**Task to complete:** Emit the data below verbatim, stripping out any pictures.

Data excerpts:
= = = = =
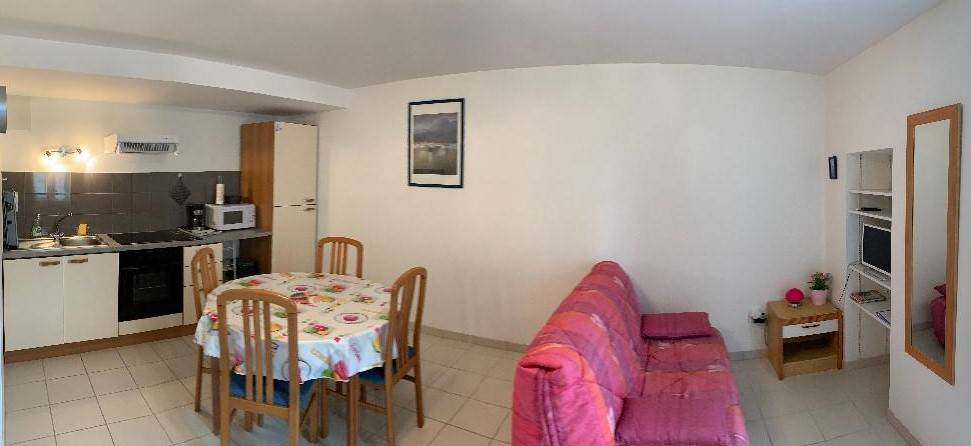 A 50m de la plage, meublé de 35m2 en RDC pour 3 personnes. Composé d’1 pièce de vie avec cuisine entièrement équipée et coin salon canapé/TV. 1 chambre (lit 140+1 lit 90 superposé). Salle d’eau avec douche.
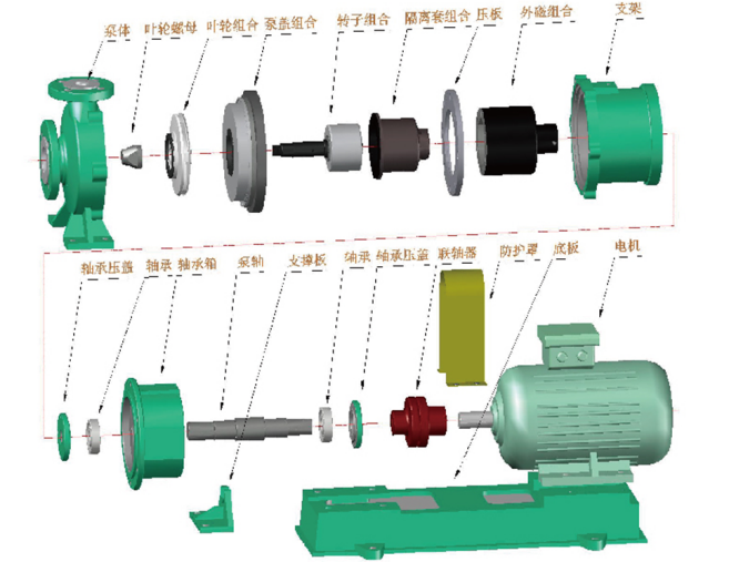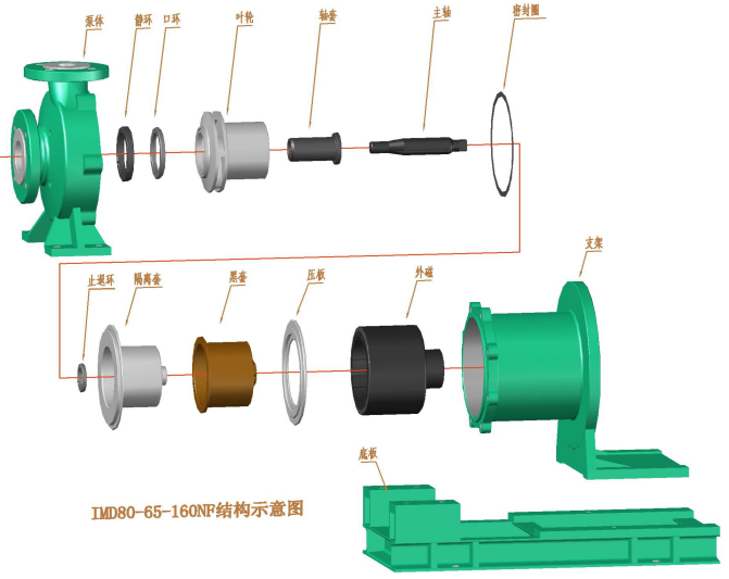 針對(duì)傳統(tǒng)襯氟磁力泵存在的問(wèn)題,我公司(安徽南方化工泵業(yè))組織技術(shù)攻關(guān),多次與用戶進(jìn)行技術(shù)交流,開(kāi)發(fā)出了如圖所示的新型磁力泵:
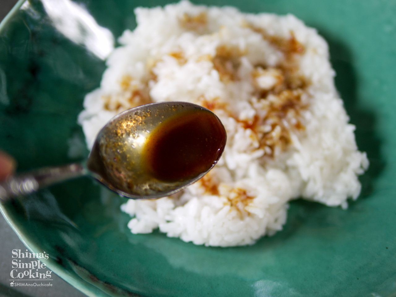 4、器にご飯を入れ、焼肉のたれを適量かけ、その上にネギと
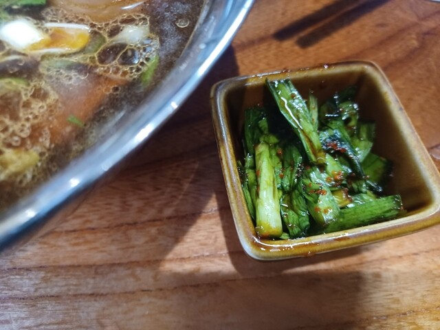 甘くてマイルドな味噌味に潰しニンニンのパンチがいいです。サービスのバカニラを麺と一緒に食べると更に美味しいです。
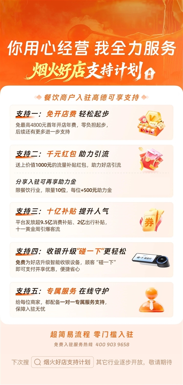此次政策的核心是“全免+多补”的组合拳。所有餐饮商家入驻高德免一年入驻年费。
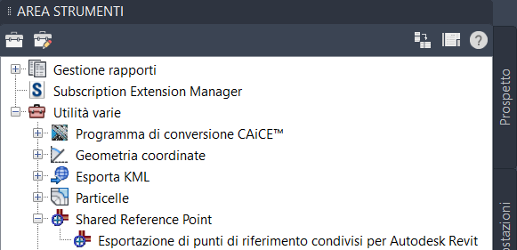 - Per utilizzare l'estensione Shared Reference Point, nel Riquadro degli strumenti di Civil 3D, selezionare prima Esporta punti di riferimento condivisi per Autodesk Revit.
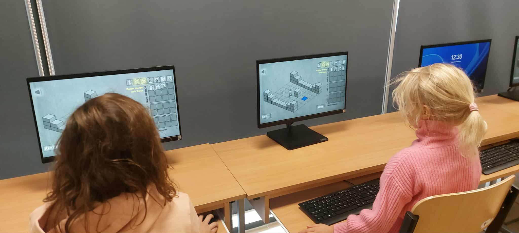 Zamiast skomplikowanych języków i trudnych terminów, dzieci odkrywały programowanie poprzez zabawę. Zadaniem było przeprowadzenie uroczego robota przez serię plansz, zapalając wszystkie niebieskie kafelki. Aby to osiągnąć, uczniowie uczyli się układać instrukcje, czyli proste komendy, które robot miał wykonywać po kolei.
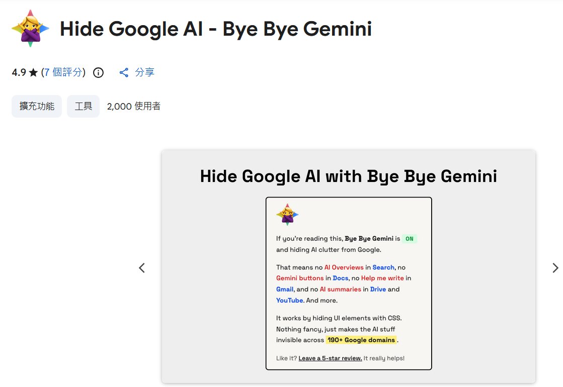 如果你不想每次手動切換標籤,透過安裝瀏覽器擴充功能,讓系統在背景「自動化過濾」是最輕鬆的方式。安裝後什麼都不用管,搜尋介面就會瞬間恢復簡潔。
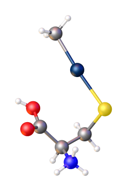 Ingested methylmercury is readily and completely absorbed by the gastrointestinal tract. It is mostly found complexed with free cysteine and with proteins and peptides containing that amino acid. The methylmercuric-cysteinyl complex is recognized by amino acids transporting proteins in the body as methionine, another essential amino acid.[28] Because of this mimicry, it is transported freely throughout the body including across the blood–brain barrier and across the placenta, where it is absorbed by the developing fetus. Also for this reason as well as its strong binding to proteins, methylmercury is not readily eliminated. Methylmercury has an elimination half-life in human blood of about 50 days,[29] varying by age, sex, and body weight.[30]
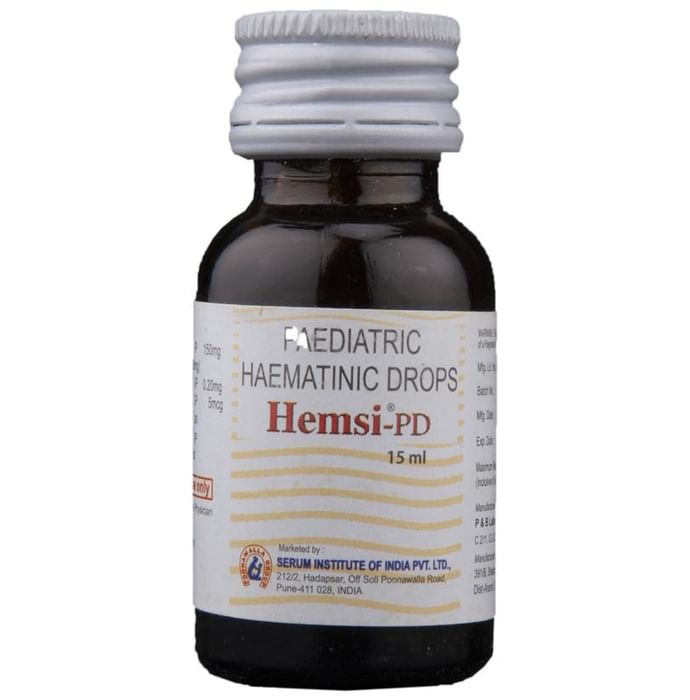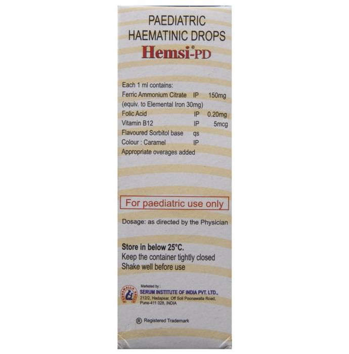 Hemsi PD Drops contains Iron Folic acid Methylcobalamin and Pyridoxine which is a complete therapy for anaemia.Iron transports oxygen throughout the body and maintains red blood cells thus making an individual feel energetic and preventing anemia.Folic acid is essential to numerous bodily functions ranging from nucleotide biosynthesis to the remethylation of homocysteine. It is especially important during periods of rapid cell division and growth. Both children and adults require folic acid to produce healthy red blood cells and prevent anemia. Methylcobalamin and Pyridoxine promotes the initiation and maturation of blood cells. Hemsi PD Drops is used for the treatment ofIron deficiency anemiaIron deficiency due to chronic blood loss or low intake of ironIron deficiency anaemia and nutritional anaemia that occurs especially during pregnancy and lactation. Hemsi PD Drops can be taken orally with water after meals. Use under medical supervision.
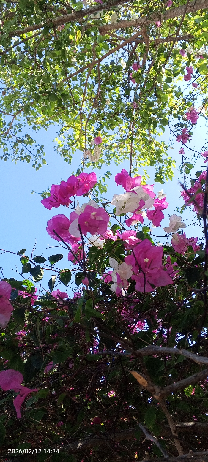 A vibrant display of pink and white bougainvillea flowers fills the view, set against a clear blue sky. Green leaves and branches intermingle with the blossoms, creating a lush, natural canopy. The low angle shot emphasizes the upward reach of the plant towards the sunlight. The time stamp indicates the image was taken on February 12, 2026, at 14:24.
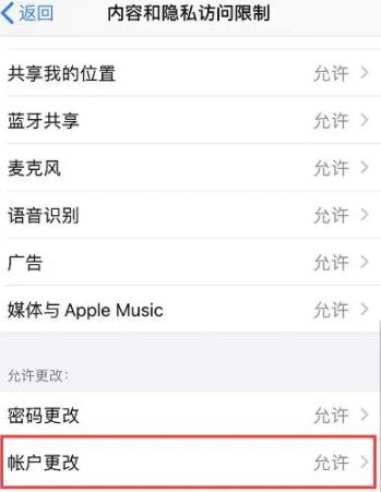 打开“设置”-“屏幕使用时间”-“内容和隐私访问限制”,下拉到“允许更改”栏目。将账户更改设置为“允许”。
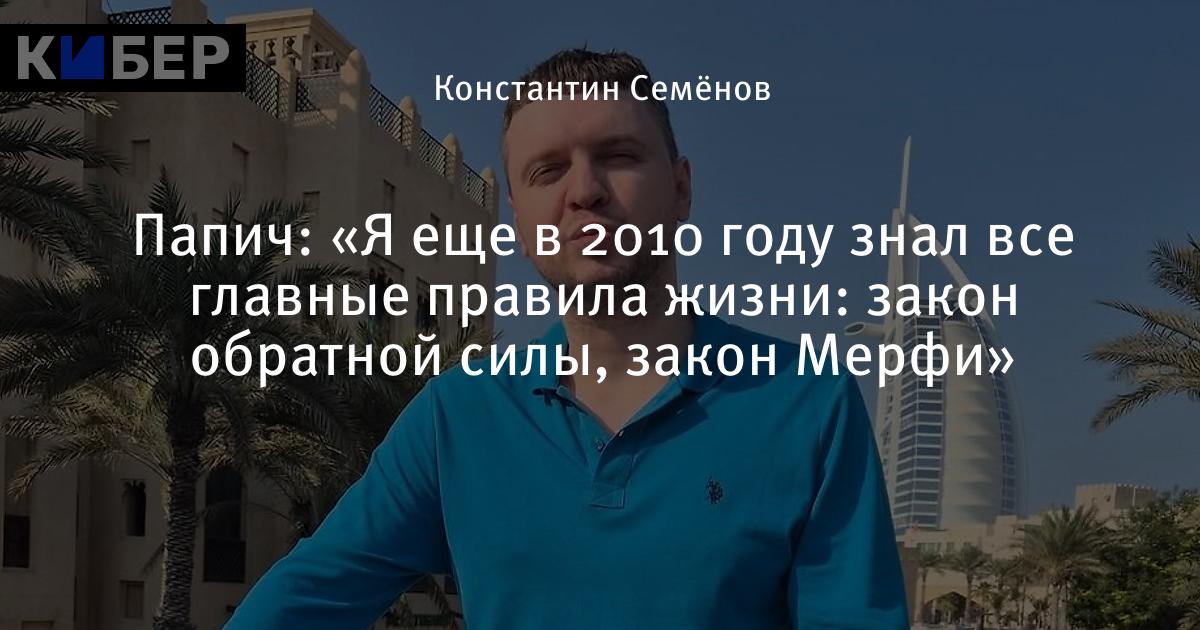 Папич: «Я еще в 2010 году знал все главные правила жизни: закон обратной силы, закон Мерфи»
= = = = =
**Reply:**
 A 50m de la plage, meublé de 35m2 en RDC pour 3 personnes. Composé d’1 pièce de vie avec cuisine entièrement équipée et coin salon canapé/TV. 1 chambre (lit 140+1 lit 90 superposé). Salle d’eau avec douche.
 針對(duì)傳統(tǒng)襯氟磁力泵存在的問(wèn)題,我公司(安徽南方化工泵業(yè))組織技術(shù)攻關(guān),多次與用戶進(jìn)行技術(shù)交流,開(kāi)發(fā)出了如圖所示的新型磁力泵:
 4、器にご飯を入れ、焼肉のたれを適量かけ、その上にネギと
 甘くてマイルドな味噌味に潰しニンニンのパンチがいいです。サービスのバカニラを麺と一緒に食べると更に美味しいです。
此次政策的核心是“全免+多补”的组合拳。所有餐饮商家入驻高德免一年入驻年费。
 - Per utilizzare l'estensione Shared Reference Point, nel Riquadro degli strumenti di Civil 3D, selezionare prima Esporta punti di riferimento condivisi per Autodesk Revit.
 Zamiast skomplikowanych języków i trudnych terminów, dzieci odkrywały programowanie poprzez zabawę. Zadaniem było przeprowadzenie uroczego robota przez serię plansz, zapalając wszystkie niebieskie kafelki. Aby to osiągnąć, uczniowie uczyli się układać instrukcje, czyli proste komendy, które robot miał wykonywać po kolei.
 如果你不想每次手動切換標籤,透過安裝瀏覽器擴充功能,讓系統在背景「自動化過濾」是最輕鬆的方式。安裝後什麼都不用管,搜尋介面就會瞬間恢復簡潔。
 Ingested methylmercury is readily and completely absorbed by the gastrointestinal tract. It is mostly found complexed with free cysteine and with proteins and peptides containing that amino acid. The methylmercuric-cysteinyl complex is recognized by amino acids transporting proteins in the body as methionine, another essential amino acid.[28] Because of this mimicry, it is transported freely throughout the body including across the blood–brain barrier and across the placenta, where it is absorbed by the developing fetus. Also for this reason as well as its strong binding to proteins, methylmercury is not readily eliminated. Methylmercury has an elimination half-life in human blood of about 50 days,[29] varying by age, sex, and body weight.[30]
 Hemsi PD Drops contains Iron Folic acid Methylcobalamin and Pyridoxine which is a complete therapy for anaemia.Iron transports oxygen throughout the body and maintains red blood cells thus making an individual feel energetic and preventing anemia.Folic acid is essential to numerous bodily functions ranging from nucleotide biosynthesis to the remethylation of homocysteine. It is especially important during periods of rapid cell division and growth. Both children and adults require folic acid to produce healthy red blood cells and prevent anemia. Methylcobalamin and Pyridoxine promotes the initiation and maturation of blood cells. Hemsi PD Drops is used for the treatment ofIron deficiency anemiaIron deficiency due to chronic blood loss or low intake of ironIron deficiency anaemia and nutritional anaemia that occurs especially during pregnancy and lactation. Hemsi PD Drops can be taken orally with water after meals. Use under medical supervision.
 A vibrant display of pink and white bougainvillea flowers fills the view, set against a clear blue sky. Green leaves and branches intermingle with the blossoms, creating a lush, natural canopy. The low angle shot emphasizes the upward reach of the plant towards the sunlight. The time stamp indicates the image was taken on February 12, 2026, at 14:24.
 打开“设置”-“屏幕使用时间”-“内容和隐私访问限制”,下拉到“允许更改”栏目。将账户更改设置为“允许”。
 Папич: «Я еще в 2010 году знал все главные правила жизни: закон обратной силы, закон Мерфи»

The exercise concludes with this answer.